WASHINGTON, D.C. - Old battles are raging overseas, in Europe, between Russian-backed separatists and the government in Ukraine, and in the Middle East, between Israel and Hamas and sectarian factions struggling over control of the government in Iraq. So it’s understandable if you missed the fact that right here in Washington an old war between Senate Democrats and the Central Intelligence Agency recently flared up as well.
The latest skirmish came last week when the chair of the Senate Intelligence Committee, Sen. Dianne Feinstein, D-Calif., rejected the declassified version of a report the committee's investigators have spent years compiling on the CIA's interrogation methods. In fact, what Feinstein shunned were redactions the CIA added to the report in order to clear it for public release. She accused the CIA of trying to literally black out the truth of its terror practices, viewed by many Americans as torture.
Feinstein summed up her decision in this terse statement:
“We need additional time to understand the basis for these redactions and determine their justification. Therefore the report will be held until further notice and released when that process is completed.”
Feinstein's refusal to release the report was only the latest round in her long battle with the CIA. Just a couple of weeks ago, CIA director John Brennan was forced to reverse course and publicly acknowledge what Feinstein had long accused his agency of doing: spying on the computer use of Senate staffers as they researched the torture report.
The dispute goes back at least to 2007. That's when the New York Times first reported that CIA operatives destroyed as many as 100 videotapes depicting the agency's "enhanced interrogation" techniques. That news is largely what led Feinstein to launch her probe.

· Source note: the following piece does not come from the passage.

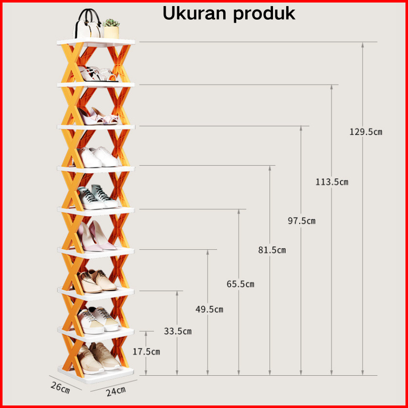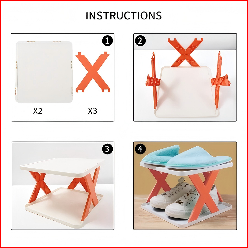Rak Sepatu Plastik Portabel Serbaguna Silang Dapat Dilipat Pemasangan Mudah
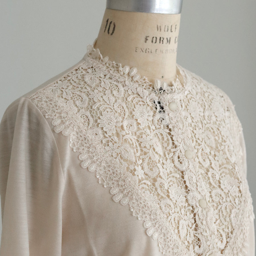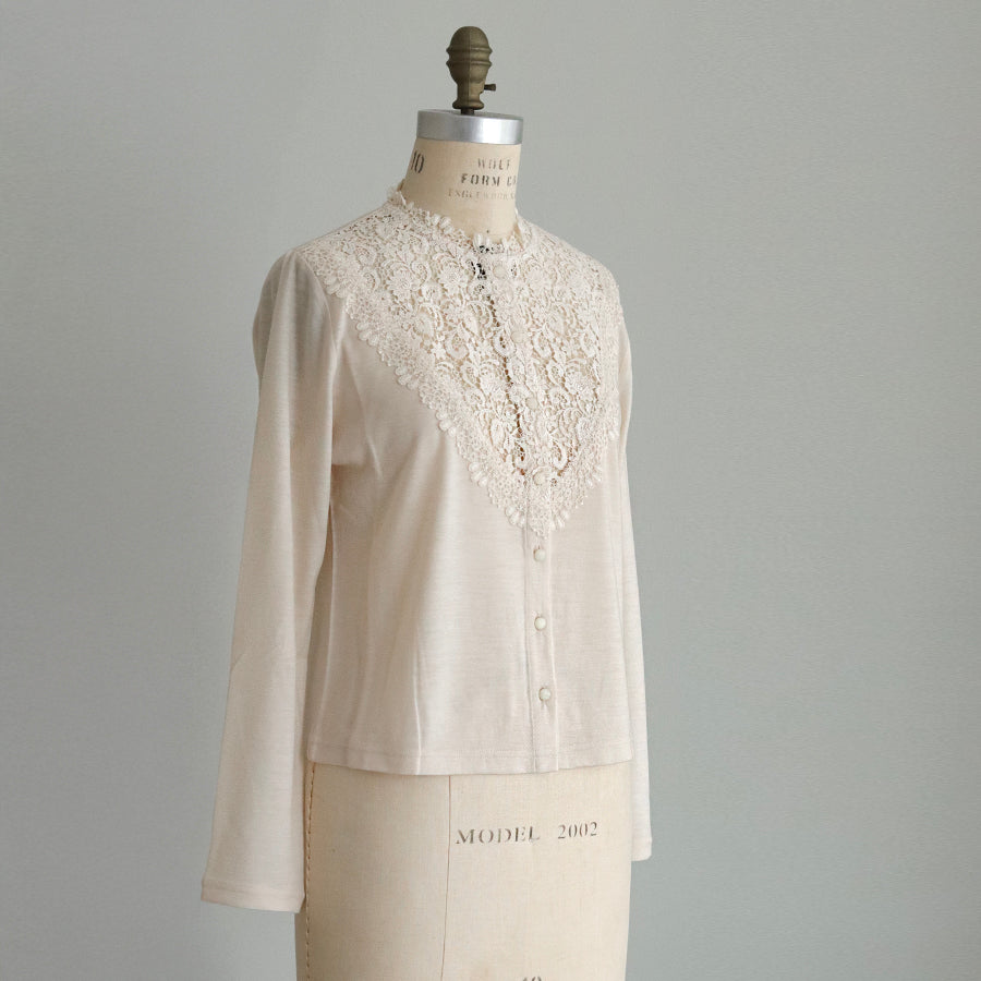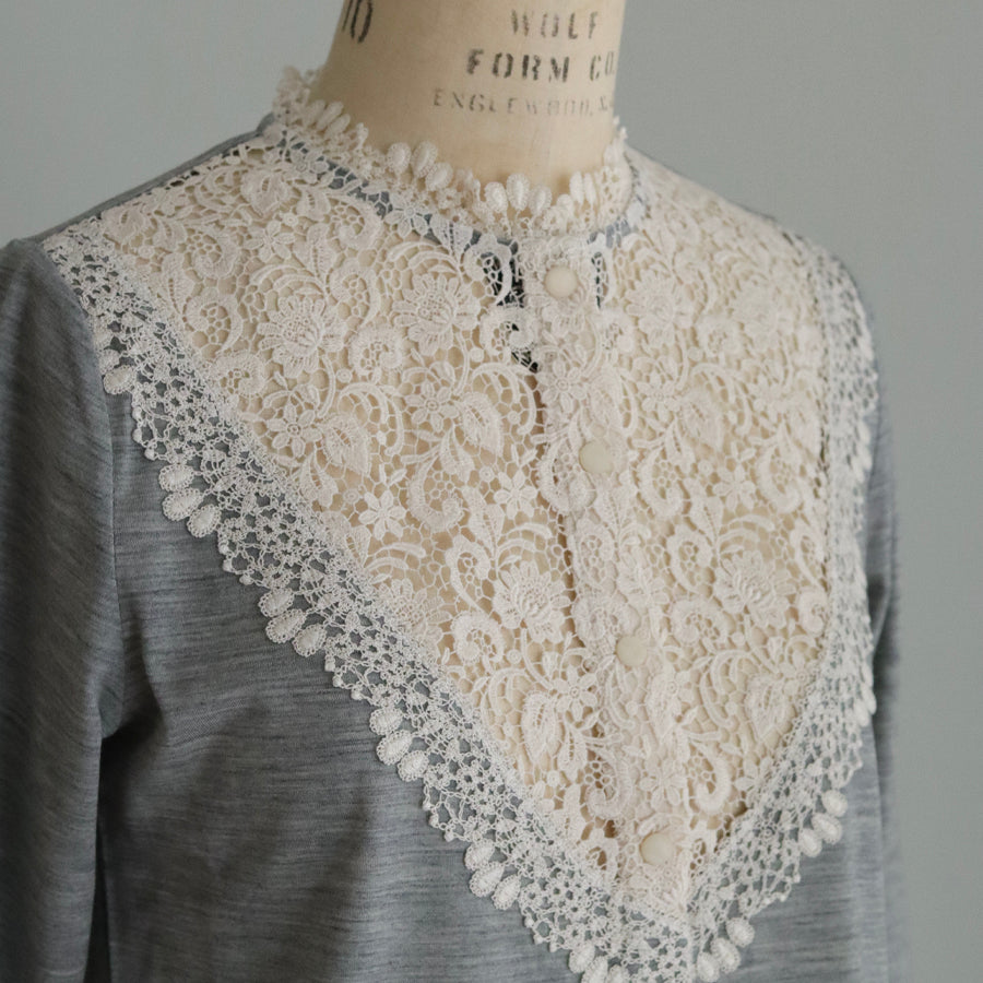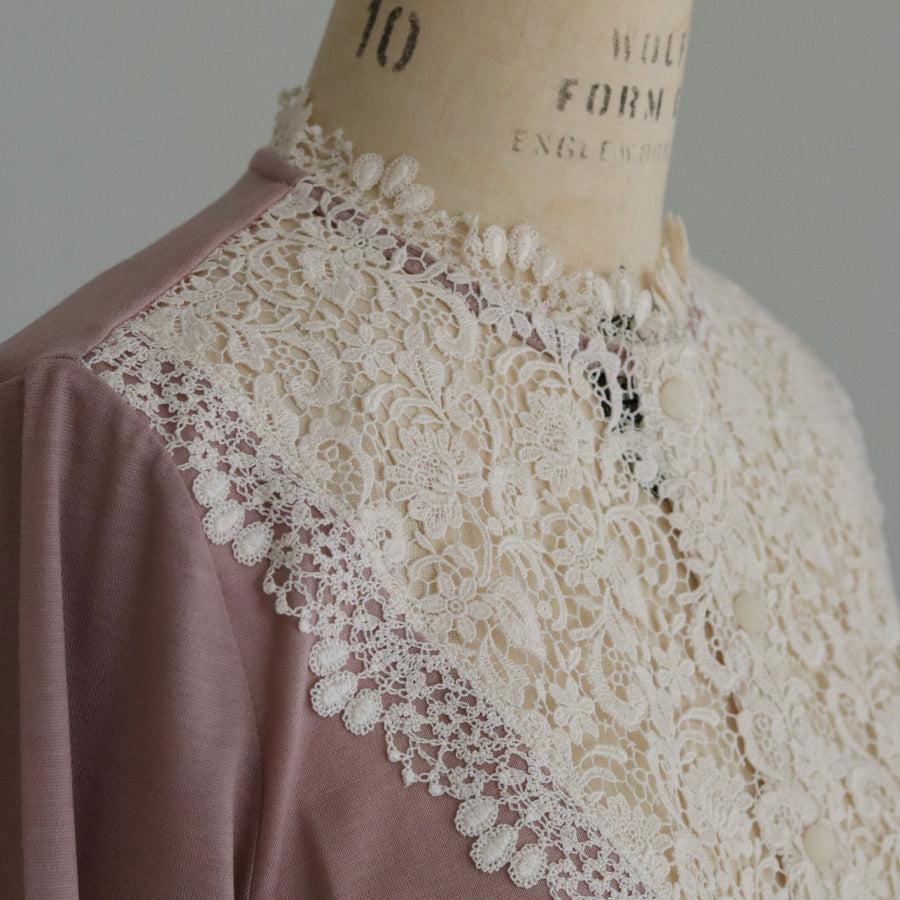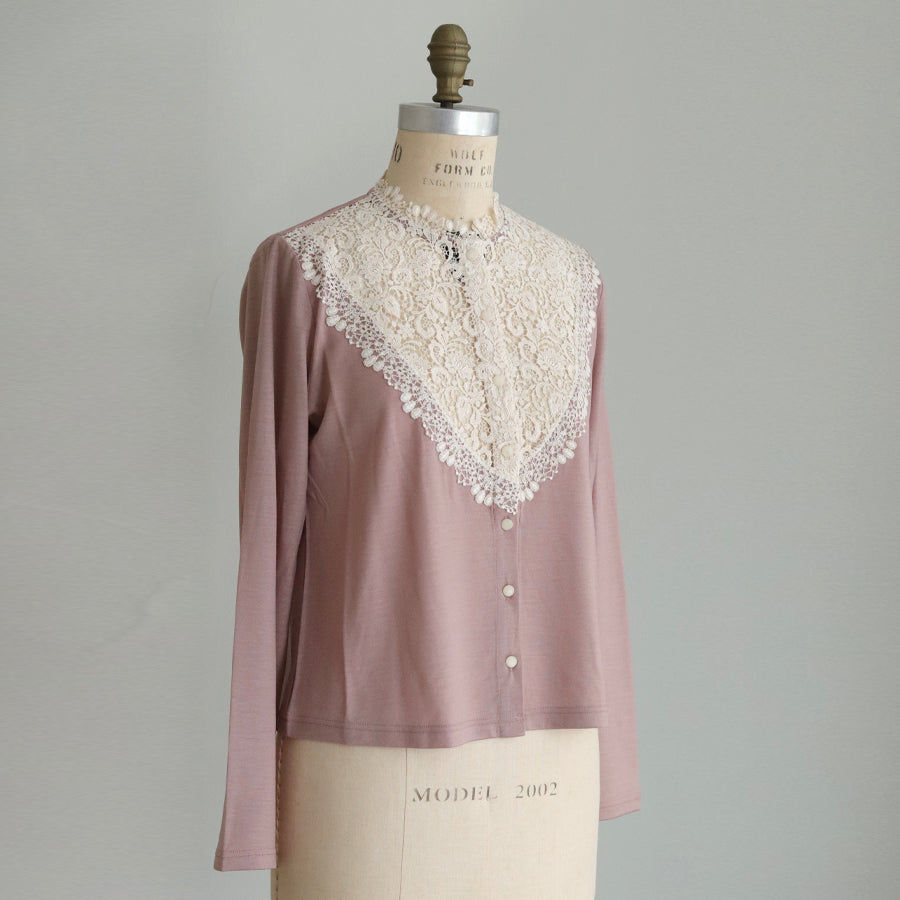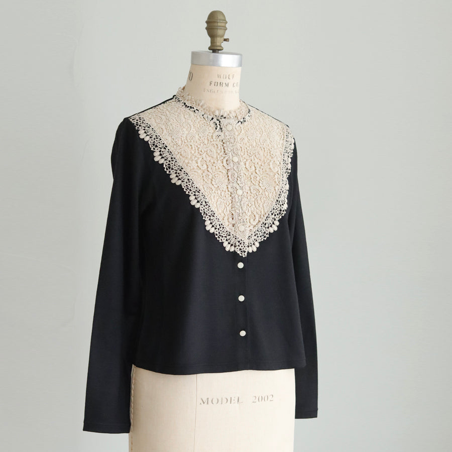 レース部分は透け感があるので、インナーの色によって表情が変わり、様々な着こなしが楽しめて飽きの来ない一着です。

For the most part, the war between the CIA, Feinstein and other Senate Democrats has taken place away from public view. Partly that's by design: Battles between spies and their domestic overseers play out largely behind the scenes and usually only spill into public when one side sees an advantage in leaking.
But it's also due to distraction. The news media and the public have been, quite rightly, focused on a steady torrent of crises overseas – most of which make Washington’s power struggles seem petty by comparison.
Feinstein’s decision was well-timed. There's an old Washington axiom that says, "never try to make news in August" when Americans are worried far more about shaking the sand from their beach shoes than fretting over world events. As long as the CIA report needs more sunlight, then, why not spend August pulling back the shade? If you want the report to make an impact on the public, why not wait until the fall?
Senate Republicans are planning to release their own minority report, highlighting the view that enhanced interrogation (their words) caused al-Qaida detainees to give up information instrumental in killing Osama bin Laden.
Predictably, this is reopening the debate dating back to the middle of the George W. Bush administration over what constitutes torture. President Obama touched off the reprised debate at a White House news conference in August. "We did a whole lot of things that were right (after 9/11), but we tortured some folks," he said.
Some GOP lawmakers are still set to argue techniques like waterboarding aren’t torture. Others, like Sen John McCain, R-Ariz., himself a victim of torture at the hands of north Vietnamese soldiers, insist it is.
Raising the question today - “is waterboarding really torture?” - seems ridiculous. For many Americans, that question was answered years ago. Apparently that’s not the case for some in Congress or the CIA.